The model looks like this and I can compile it, yet I get an error when sampling because the logliks and therefore the probability value (from what I can tell from the debug output) seem to have 2 output values i.e. shape (,2) and not (,1) as expected.
I have seen other posts where people calculated a logp for MvNormal (example here Automatic Imputation of Multivariate models - #3 by ricardoV94) but they all dont need in in their further calculations.
Why dont I get one likelihood value for the 2D point as I would expect?
My model:
obs_id = np.arange(data_df.shape[0])
with pm.Model() as same_precision:
same_precision.add_coord('obs_id',obs_id)

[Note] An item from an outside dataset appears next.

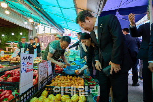 시장에서는 이 대통령과 김 여사가 식료품을 구매하며 상인들과 격의 없이 어울렸다. 물품을 비닐봉지에 직접 담아 들고 다니는 등 소탈한 모습도 보였다.

F0 = pm.Data("F0", data_df.F0)
FF = pm.Data("FF", data_df.FF)
F01 = pm.Data("F01", data_df.meanF01,dims='obs_id')
FF1 = pm.Data("FF1", data_df.meanFF1,dims='obs_id')

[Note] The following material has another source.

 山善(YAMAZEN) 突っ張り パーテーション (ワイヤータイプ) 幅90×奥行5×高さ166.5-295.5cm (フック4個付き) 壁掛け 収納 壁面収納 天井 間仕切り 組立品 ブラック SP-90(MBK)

F02 = pm.Data("F02", data_df.meanF02,dims='obs_id')
FF2 = pm.Data("FF2", data_df.meanFF2,dims='obs_id')
F03 = pm.Data("F03", data_df.meanF03,dims='obs_id')
FF3 = pm.Data("FF3", data_df.meanFF3,dims='obs_id')

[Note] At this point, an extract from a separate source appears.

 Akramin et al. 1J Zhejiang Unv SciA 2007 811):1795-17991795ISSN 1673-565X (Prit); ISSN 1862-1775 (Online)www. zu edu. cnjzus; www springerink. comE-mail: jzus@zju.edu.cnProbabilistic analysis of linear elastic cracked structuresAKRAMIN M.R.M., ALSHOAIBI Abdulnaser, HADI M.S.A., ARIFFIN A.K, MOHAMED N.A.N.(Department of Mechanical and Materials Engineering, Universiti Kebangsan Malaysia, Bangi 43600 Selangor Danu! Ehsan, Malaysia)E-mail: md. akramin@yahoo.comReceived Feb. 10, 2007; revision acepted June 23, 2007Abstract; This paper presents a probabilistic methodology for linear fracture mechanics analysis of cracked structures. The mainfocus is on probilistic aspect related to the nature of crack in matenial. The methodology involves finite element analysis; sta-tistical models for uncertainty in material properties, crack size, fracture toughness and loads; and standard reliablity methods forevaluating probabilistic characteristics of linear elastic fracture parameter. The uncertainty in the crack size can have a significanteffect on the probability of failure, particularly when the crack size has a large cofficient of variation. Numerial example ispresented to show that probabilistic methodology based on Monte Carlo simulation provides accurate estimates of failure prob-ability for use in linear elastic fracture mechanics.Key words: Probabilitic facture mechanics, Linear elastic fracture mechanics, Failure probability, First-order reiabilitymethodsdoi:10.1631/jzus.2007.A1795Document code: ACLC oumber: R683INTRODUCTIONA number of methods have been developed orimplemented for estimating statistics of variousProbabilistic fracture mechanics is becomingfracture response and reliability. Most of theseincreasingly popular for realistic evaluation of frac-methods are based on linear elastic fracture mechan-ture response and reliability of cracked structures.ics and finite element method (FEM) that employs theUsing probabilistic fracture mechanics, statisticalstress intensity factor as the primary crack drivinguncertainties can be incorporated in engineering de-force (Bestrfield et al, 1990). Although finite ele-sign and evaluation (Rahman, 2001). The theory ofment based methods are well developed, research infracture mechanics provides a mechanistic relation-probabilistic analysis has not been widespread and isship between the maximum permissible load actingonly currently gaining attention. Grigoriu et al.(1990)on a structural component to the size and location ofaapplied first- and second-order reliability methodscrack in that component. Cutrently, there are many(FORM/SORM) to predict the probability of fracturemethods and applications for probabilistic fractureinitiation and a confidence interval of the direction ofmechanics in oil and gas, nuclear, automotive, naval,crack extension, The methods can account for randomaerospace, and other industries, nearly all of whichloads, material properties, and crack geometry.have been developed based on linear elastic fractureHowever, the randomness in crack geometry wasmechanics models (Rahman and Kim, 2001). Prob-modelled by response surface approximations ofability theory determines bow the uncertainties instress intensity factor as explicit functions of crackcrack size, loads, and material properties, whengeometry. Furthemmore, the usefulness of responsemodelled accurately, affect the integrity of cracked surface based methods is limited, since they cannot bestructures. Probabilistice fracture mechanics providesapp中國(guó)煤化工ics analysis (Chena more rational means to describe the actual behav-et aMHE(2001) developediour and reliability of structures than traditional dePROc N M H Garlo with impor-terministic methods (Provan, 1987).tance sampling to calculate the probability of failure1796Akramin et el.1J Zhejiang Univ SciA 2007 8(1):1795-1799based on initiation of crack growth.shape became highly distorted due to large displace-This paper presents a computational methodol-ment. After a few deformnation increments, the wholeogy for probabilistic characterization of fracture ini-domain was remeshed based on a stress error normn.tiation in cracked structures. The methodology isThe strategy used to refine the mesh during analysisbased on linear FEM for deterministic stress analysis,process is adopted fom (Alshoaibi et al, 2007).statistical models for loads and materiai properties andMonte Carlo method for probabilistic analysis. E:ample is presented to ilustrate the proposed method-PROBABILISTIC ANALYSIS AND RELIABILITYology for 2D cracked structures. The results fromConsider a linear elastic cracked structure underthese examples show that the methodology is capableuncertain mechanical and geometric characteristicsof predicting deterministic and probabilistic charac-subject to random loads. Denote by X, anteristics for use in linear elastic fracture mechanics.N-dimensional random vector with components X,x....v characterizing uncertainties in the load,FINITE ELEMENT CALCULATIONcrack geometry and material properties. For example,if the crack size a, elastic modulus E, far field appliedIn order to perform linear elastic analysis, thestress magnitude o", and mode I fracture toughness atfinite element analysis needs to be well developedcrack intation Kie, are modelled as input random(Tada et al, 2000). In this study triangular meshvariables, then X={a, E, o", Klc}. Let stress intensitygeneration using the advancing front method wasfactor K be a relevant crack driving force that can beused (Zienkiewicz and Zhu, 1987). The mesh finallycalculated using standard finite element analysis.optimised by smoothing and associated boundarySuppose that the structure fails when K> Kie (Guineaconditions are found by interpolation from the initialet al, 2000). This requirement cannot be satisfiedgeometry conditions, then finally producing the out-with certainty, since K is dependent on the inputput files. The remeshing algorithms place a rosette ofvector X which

choice = pm.Data('choice', data_df.response,dims='obs_id')
f0_std = pm.HalfNormal('f0_std', sigma=1)
ff_std = pm.HalfNormal('ff_std', sigma=1)
cov_ = pm.Deterministic(
"covariance_matrix",
pt.stacklists([[f0_std**2, 0], [0, ff_std**2]])
)
mu_v1 = pm.Deterministic('mu_v1', pt.as_tensor_variable([F01,FF1]))
mu_v2 = pm.Deterministic('mu_v2', pt.as_tensor_variable([F02,FF2]))
mu_v3 = pm.Deterministic('mu_v3', pt.as_tensor_variable([F03,FF3]))
loglik1 = pm.Deterministic('loglik1',pm.logp(pm.MvNormal.dist(mu=mu_v1, cov=cov_), pt.as_tensor_variable([F0,FF])),dims='obs_id')
loglik2 = pm.Deterministic('loglik2',pm.logp(pm.MvNormal.dist(mu=mu_v1, cov=cov_), pt.as_tensor_variable([F0,FF])),dims='obs_id')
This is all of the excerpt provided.